The majority of prescription opioids that have been illegally exported to the public move through pain clinics. One of the solutions by the government is to have quality training for physicians to dispense opioids or prescribe them. But many of these clinics are not even managed by pain experts.


We cannot generalize this problem. We must be specific about real issues. Although regulations are needed, unnecessary regulatory mandates that do not provide the physician with the necessary tools to comply will make the counterproductive effort.

How did this happen? Who pays for prescription drugs?

The opioid problem has always been around, and it will not go away. But the scale of this epidemic and its similarity to heroin is a flashpoint for controversy.

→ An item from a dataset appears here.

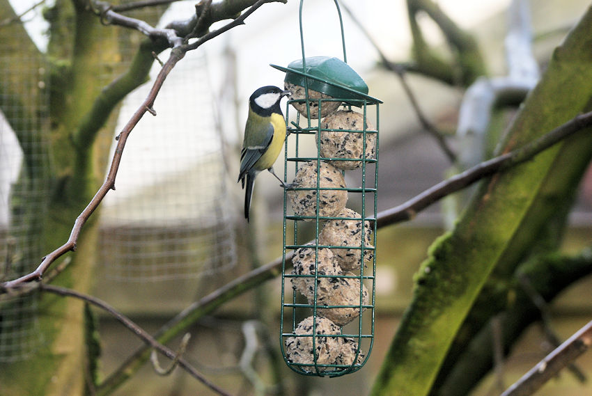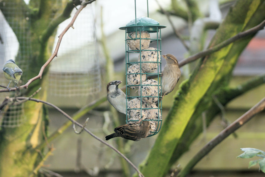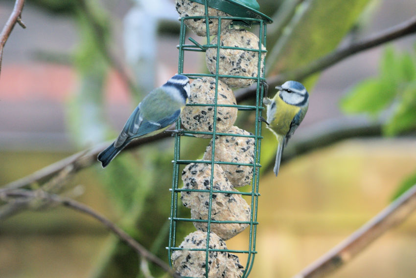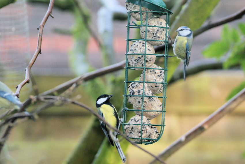 Inmiddels zijn er al zo’n 300 bolletjes verorberd, en ligt er alweer een nieuwe voorraad van 150 klaar. Gisteren hebben we de camera met zoomlens opgesteld om het spektakel eens goed vast te leggen. Want zeg nou zelf: het is een klein feestje om de vogels zo bezig te zien.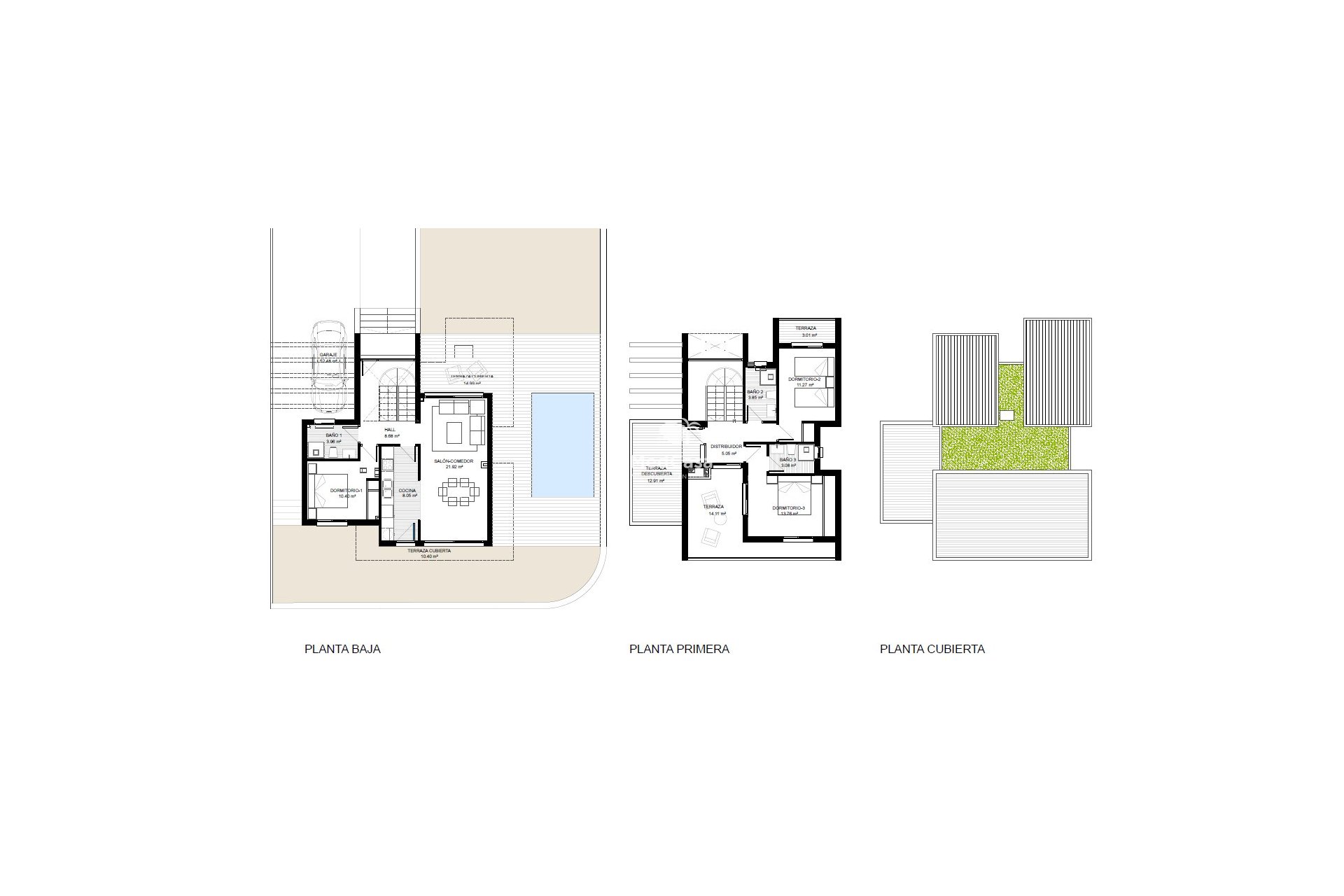 Diese wunderschöne private Anlage von nur 7 Villen mit privatem Swimming-Pool (6x3 oder 5x4 m), verfügen über eine konstruierte Fläche von ca. 125,25 m2 mit 3 Schlafzimmern (eins von den drei Schlafzimmern befindet sich im Erdgeschoss), 3 Badezimmern (1 en Suite), Wohn-/Esszimmer mit moderner Einbauküche und vielen Terrassen.

If you look closely, you will see these crises have some connection to independent physician practices. Independent practices are under the radar and raided by the DEA, the FDA, or other agencies.


The Cause-and-Effect Problem

Government solutions are not getting to the root of the problem in healthcare. They treat the symptom, not the disease. Enforcement of value-based reimbursement on physicians and making them a target at the same time is counterproductive.

It will cause physicians to avoid prescribing opioids to those who really need them unintentionally.


Patients will evaluate physicians based on what they expect, and opioid is not a tool that will work in their benefit today. Let’s not forget physicians spend all of their lives becoming what they are; they will never jeopardize their careers, at least not intentionally.

Unfortunately, some may be forced to take shortcuts under significant pressure. After all, they are trying to stay alive. We all know that treating pain requires its own clinical skills that consider clinical, physical, emotional, behavioral, socioeconomic, and mental-health factors. At some point, the physician needs to draw the line in prescribing opioids because there can be a thin line between helping and doing harm.


Physicians prescribe opioids based on personalized medicine and professional evaluation. The public needs to learn that those who prescribe inappropriately are not physicians but criminals. But we cannot punish those who practice true medicine because of a few bad apples.


Punishing physicians and providers based on population-based protocols, especially in pain management, is wrong and will only lead to chaos. Any action that leads to under-prescribing opioids is just as bad as any action that leads to over-prescribing.

Prescription opioids sold on the streets are not necessarily coming from physicians. An increase in prescribing pain medicine doesn’t necessarily reflect over-prescribing.